= Glory to Rome =

2005 card-based board game

Glory to Rome is a 2005 card-based board game designed by Ed Carter and Carl Chudyk and published by Cambridge Games. It received positive reviews, but in 2010s it became infamous due to being out of print which led to greatly inflated prices in the secondary market.

== Gameplay ==
Glory to Rome is a card-based resource management game, with a theme of rebuilding the city of Rome in the aftermath of the Great Fire.
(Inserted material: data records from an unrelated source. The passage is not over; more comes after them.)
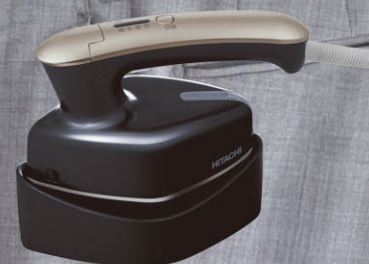
オニクスブラック(B)

商品の価格には、配送・設置調整・別売部品・工事・使用済み商品の引き取り等の費用は含まれておりません。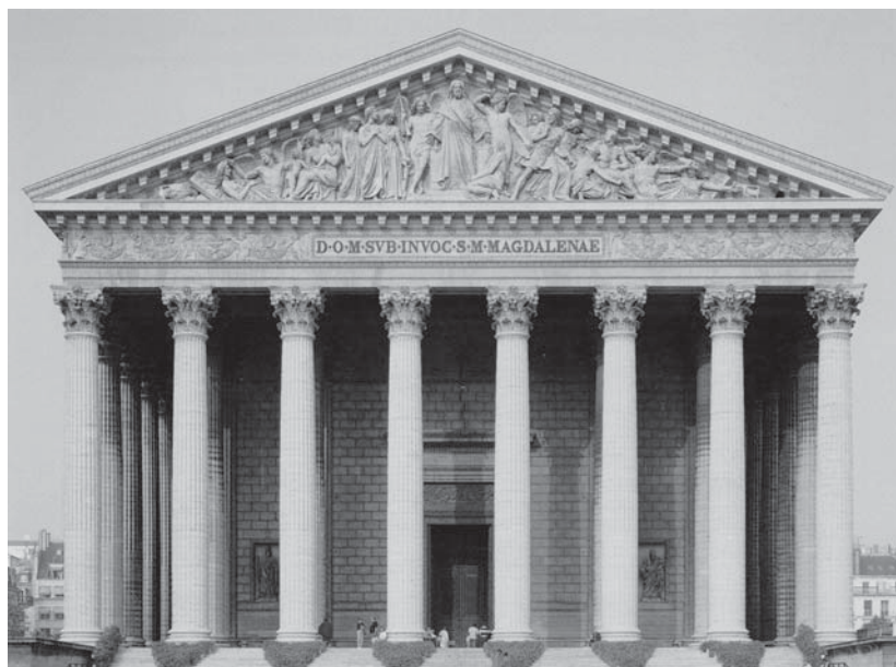
Figura 2: Fachada da Igreja de Madeleine, Vignon (1806)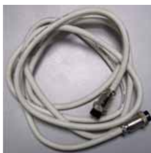
Сигнальный провод. Рис.2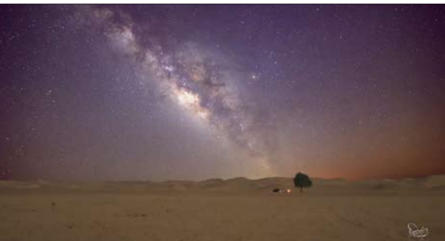
بالتعريض هو كمية الضوء التي يسمح باسقاطها على الشريحة الفوتوغرافية الحساسة للضوء خلال عملية التصوير عبر ضبط اتساع فتحة العدسة وسرعة الغالق وحساسية المستشعر الضوئي الذي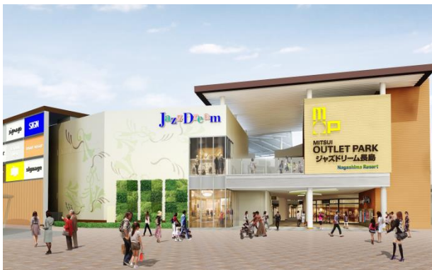
第5期増床棟 南エントランス(イメージ)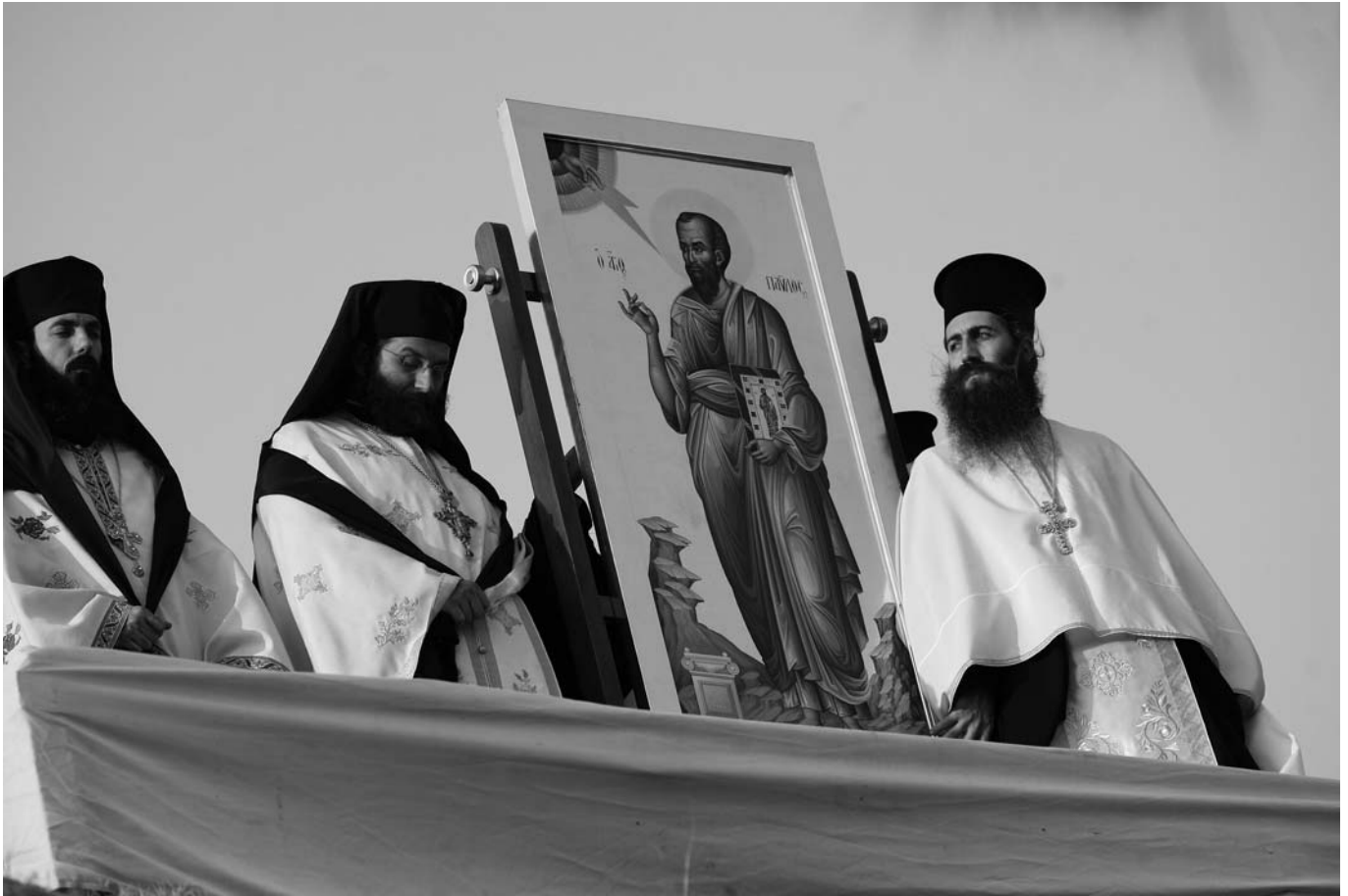
Ὁ Πανηγυρικός Ἐσπερινὸς εἰς ἀνάμνησιν τῆς διδασκαλίας τοῦ Ἀπ. Παύλου στὴν Ἀθήνα ἐτελέσθη στίς 29.6.2008 στὸ Βράχο τοῦ Ἀρείου Πάγου, μερίμνη τῆς Ἱερᾶς Ἀρχιεπισκοπῆς Ἀθηνῶν.

σων μαζικῆς ἐνημέρωσης καὶ τοῦ διαδικτύου ἐνισχύουν τὴν ἀποδόμηση παραδοσιακῶν θεσμῶν καὶ ἀξιών καὶ ἔχουν ἐπίπτωση στὰ θεμέλια τοῦ πολιτισμοῦ μας, καὶ μεταξὺ ἄλλων συνεπικουροῦν σὲ μία συνεχῶς ἐπιτεινόμενη οἰκολογικὴ κρίση γιὰ τὸ περιβάλλον.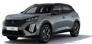
Selenium szürke - széria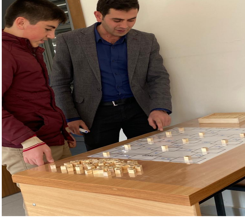
Sayısal labirent oyunu etkinliđinin gerekleřtirilmesi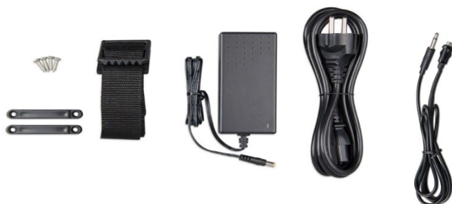
Befestigungsriemen Adapter Stromkabel Druckknopf mit Kabel (2 m) und zweifarbiger LED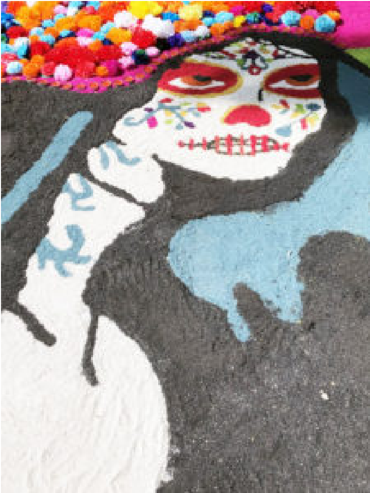
Tapete de "La Catrina"

No me lleves, Calaquita Soy muy nueva en la gestión Pero amo esta escuelita, Con todo mi corazón.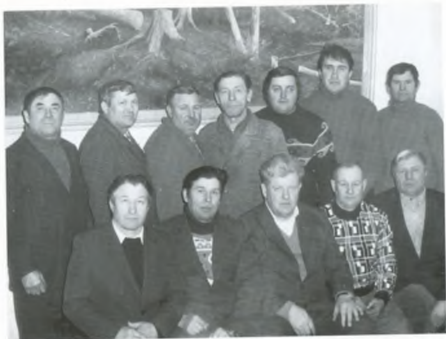
Колектив тракторної бригади № 1. 1993 рік.

The game used a novel mechanic of multi-purpose cards which can be used to lead actions or as various types of resources.

== History ==
The game was first published in 2005. It received a second English edition in 2007 and a third in 2010, as well as several translations (Polish, German, Italian, Spanish, French and Hungarian in 2011). However, the fourth 2012 English edition, successfully crowdfunded on Kickstarter, was badly mismanaged, resulting in the publisher going bankrupt and the Kickstarter project suffering major delays. Subsequently, due to the company's unclear legal status, the game, despite its ongoing popularity, was not reprinted in English. This has caused the out-of-print English editions of the game to rise in price, and copies of the game were reported as selling for over $300 on the secondary market (several times the game's original price). The English publishing debacle did not affect some reprints of foreign translations, licensed to different companies, and some reviewers and fans even suggested that desperate customers may want to acquire a foreign edition and modify it with English text. One journalist summed up the game's history as "A glorious game; a terrible Kickstarter horror story".

Many of Glory to Rome mechanics have been reimplemented in the 2015 Buddhist temple-themed game by Chudyk, Mottainai.
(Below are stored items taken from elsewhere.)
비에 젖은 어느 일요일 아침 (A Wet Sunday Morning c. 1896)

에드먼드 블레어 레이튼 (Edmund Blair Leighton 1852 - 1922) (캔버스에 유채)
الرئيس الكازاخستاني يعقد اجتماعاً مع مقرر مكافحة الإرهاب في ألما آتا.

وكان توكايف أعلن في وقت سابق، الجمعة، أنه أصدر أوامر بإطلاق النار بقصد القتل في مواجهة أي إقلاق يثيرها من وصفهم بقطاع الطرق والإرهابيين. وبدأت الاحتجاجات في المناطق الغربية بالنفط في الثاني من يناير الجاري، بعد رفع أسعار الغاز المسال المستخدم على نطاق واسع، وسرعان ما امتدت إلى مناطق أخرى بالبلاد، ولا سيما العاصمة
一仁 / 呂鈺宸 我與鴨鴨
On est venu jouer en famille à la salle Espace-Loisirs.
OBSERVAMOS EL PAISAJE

== Reviews and reception ==
The first edition received generally good reviews and became highly popular, ranking for many years in the Top 150 most popular board games (however, according to the popularity list maintained by the BoardGameGeek portal; it has dropped to Top 200 by early 2021). Many reviewers and journalists writing about the game referred to it in superlatives such as "glorious" and "beloved".